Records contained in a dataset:
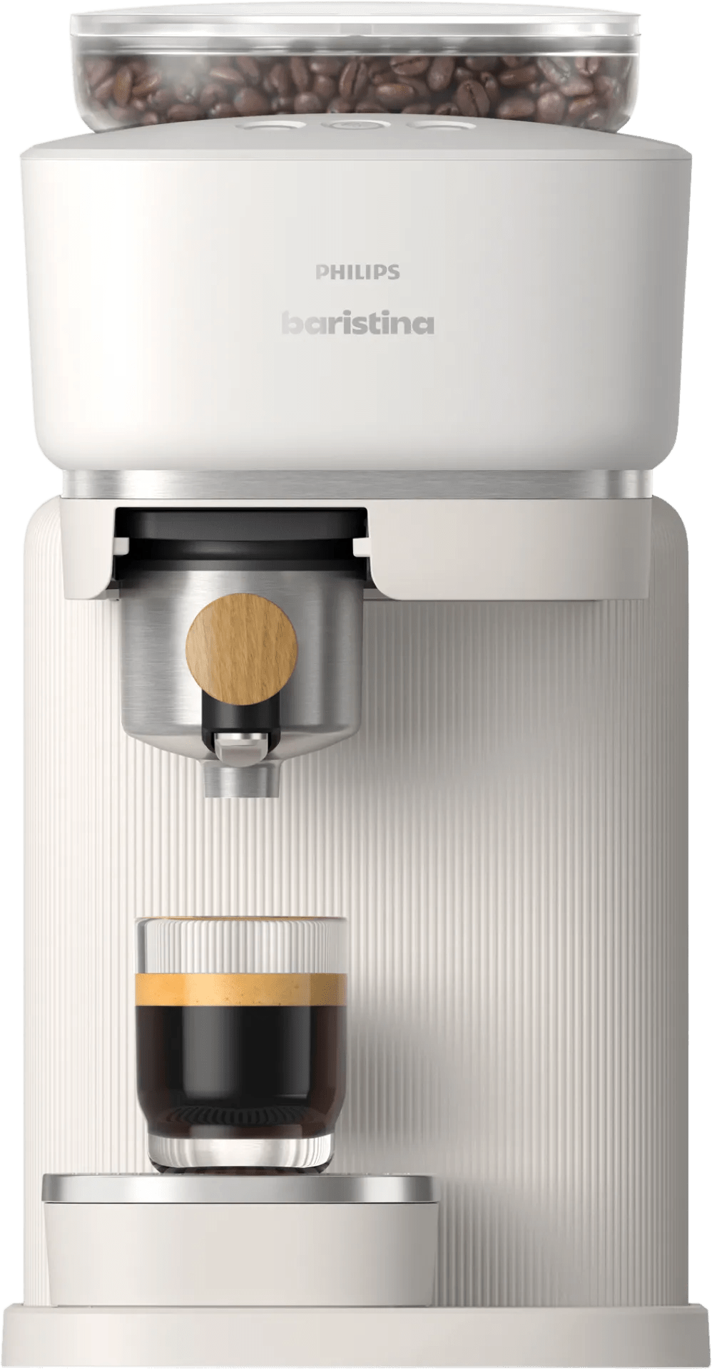 Zet koffie als een echte barista met één druk op de knop met de Philips Baristina BAR302/20 Wit Hout. Doe je favoriete bonen in de machine, kies je koffie en de machine doet zijn werk. De bonen worden met de juiste druk gemalen, zodat jouw koffie hetzelfde smaakt als bij je favoriete koffietentje om de hoek. De gemalen koffie valt in de automatische tamper. Wanneer je koffie klaar is, haal je de tamper uit de machine en klop je `m leeg in de vuilnisbak. Zo ben je weinig tijd kwijt aan het schoonmaken van de machine. Dankzij het smalle formaat past de machine in iedere keuken. Door het strakke ontwerp is de Baristina een toevoeging op ieder aanrecht.
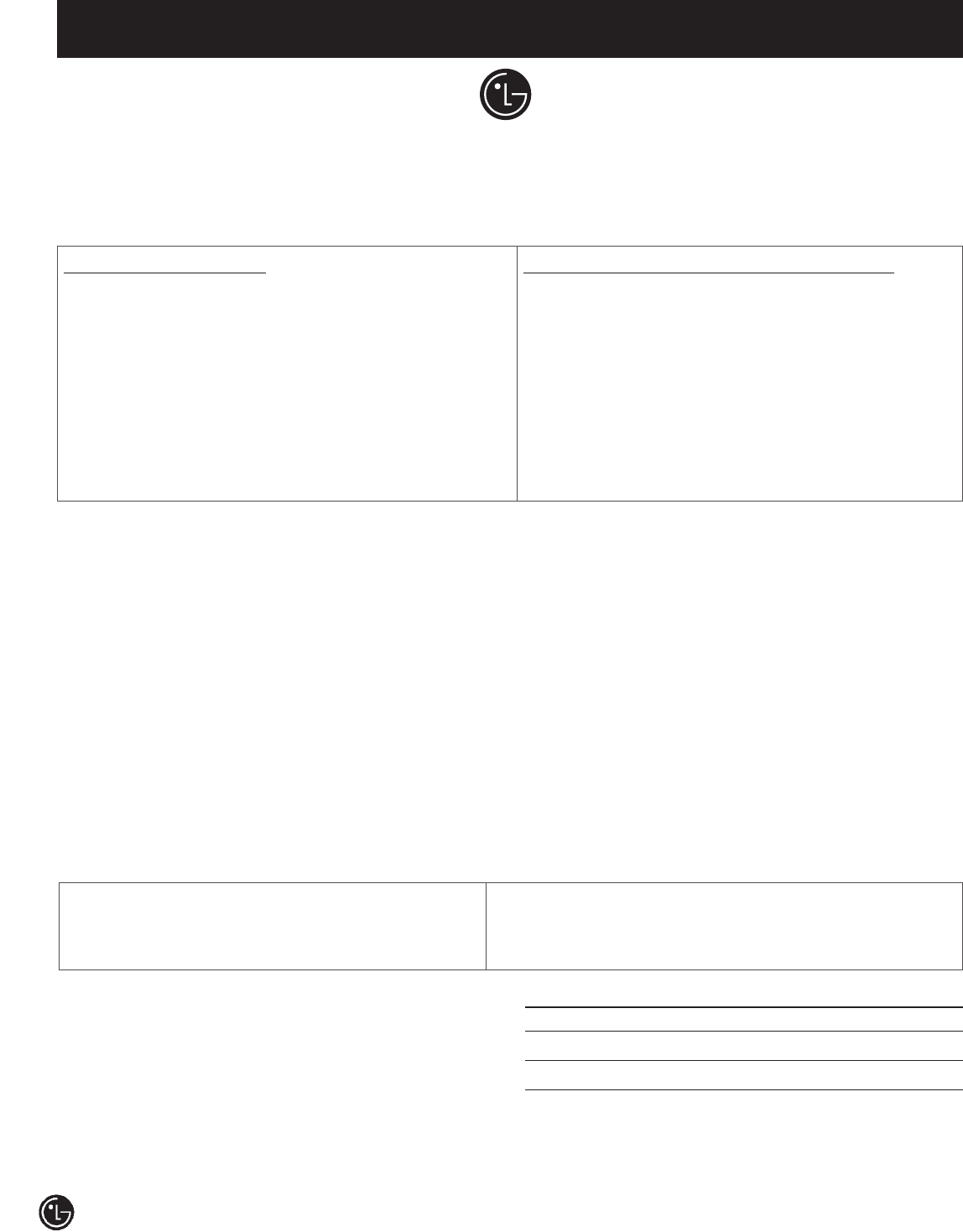 LA RESPONSABILITÉ DE LG CANADA SE LIMITE À LA GARANTIE CI-DESSUS. SAUF TEL QU'IL EST EXPLICITEMENT INDIQUÉ CI-DESSUS, LG CANADA NE
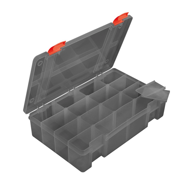 Ein überzeugendes Konzept zur Organisation und Aufbewahrung. Diese Boxen sind aus strapazierfähigem Kunststoff gefertigt und haben verstellbare Einzelfächer. Deckel und Verschlüsse sind separat abnehmbar, nicht fixiert und können daher nicht abbrechen.Zudem sind die Boxen weichmacherbeständig und daher für die Lagerung aller Arten von Gummiködern geeignet. Farbe: grau-transparent mit UV-Filter (der ein Ausbleichen der Köder verhindert). ProduktGrößeAnzahl Fächer Größe der FächerNBX001 36cm x 23cm x 8cm168,5cm x 5,5cm x 7,5cm• Starke Kunststoffkonstruktion mit Rauch-Finish• Verstellbare Innenfächer• Geeignet zur Aufbewahrung von Weichplastikködern und Zubehör• Vollständig kompatibel mit der Rage Voyager Gepäckserie
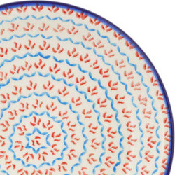 This polish pottery plate (item number H8085L) is made by talented artisans from Poland. It is 1" high and measures 9.8" by 9.8". It holds 15 ounces of fluid. The weight of this plate is 1.46 lbs.
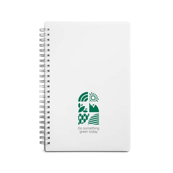Caderno A5 em PP com tratamento antibacteriano, segundo a certificação ISO22196. Contém 80 folhas pautadas em papel reciclado branco.
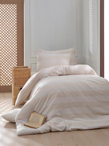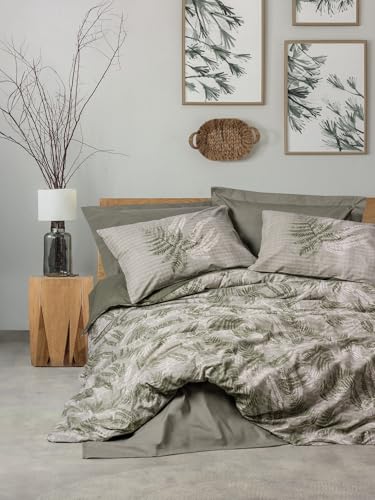 Nuit Des Rêves Ranforce Single XXL Quilt Cover Set, Khaki, 155 x 220 cm, 100% Cotton, Pigment Printed, Machine Washable, Envelope & Button Closure, Soft & Durable
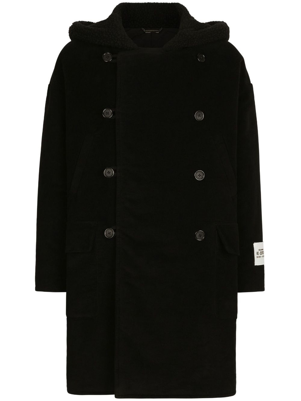 double-breasted cotton coat Highlights - Black - Cotton - Logo patch at the sleeve - Slouchy hood - Double-breasted button fastening - Long sleeves - Two side flap pockets - Thigh-length - Straight hem Made in Italy Composition Cotton 100%
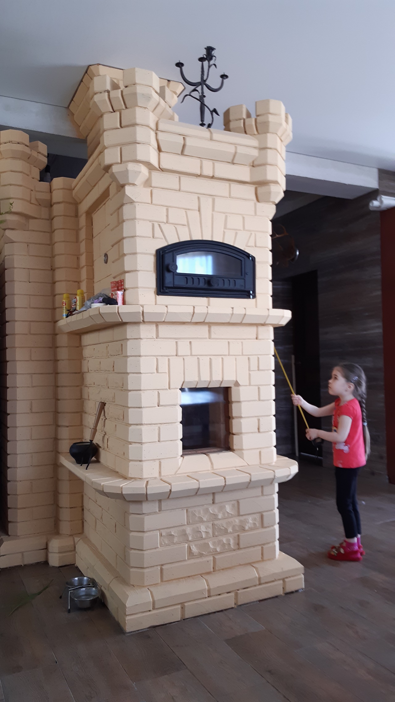 Когда обдумывали с супругой дизайн помещения, решили что будет Прованс. Прованс- это Французская деревня, Франция- это замки на холмах. Отсюда и общий вид печи.
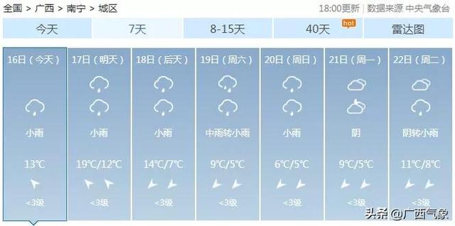 南宁市:今天晚上到明天白天,阴天有小雨,有雾和回南天气,东南风1~2级,最低气温13℃,最高气温19℃。
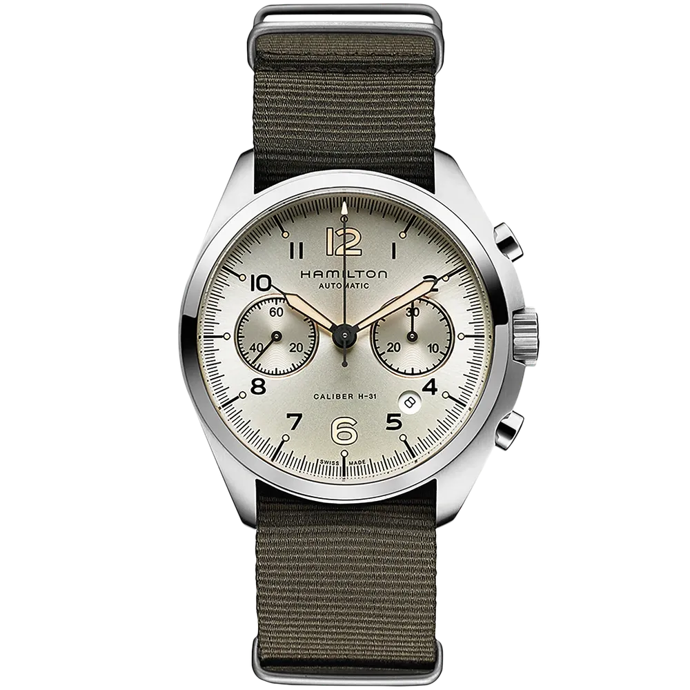 Perfect strap combination for your Hamilton Khaki Aviation Khaki Pilot Pioneer Auto Chrono timepiece

(Assignment) Exactly as they appear, please return only the lines from the first line of the records through the line containing "LA RESPONSABILITÉ DE", both included, leaving out all pictures.

(Exercise solution)
 Zet koffie als een echte barista met één druk op de knop met de Philips Baristina BAR302/20 Wit Hout. Doe je favoriete bonen in de machine, kies je koffie en de machine doet zijn werk. De bonen worden met de juiste druk gemalen, zodat jouw koffie hetzelfde smaakt als bij je favoriete koffietentje om de hoek. De gemalen koffie valt in de automatische tamper. Wanneer je koffie klaar is, haal je de tamper uit de machine en klop je `m leeg in de vuilnisbak. Zo ben je weinig tijd kwijt aan het schoonmaken van de machine. Dankzij het smalle formaat past de machine in iedere keuken. Door het strakke ontwerp is de Baristina een toevoeging op ieder aanrecht.
 LA RESPONSABILITÉ DE LG CANADA SE LIMITE À LA GARANTIE CI-DESSUS. SAUF TEL QU'IL EST EXPLICITEMENT INDIQUÉ CI-DESSUS, LG CANADA NE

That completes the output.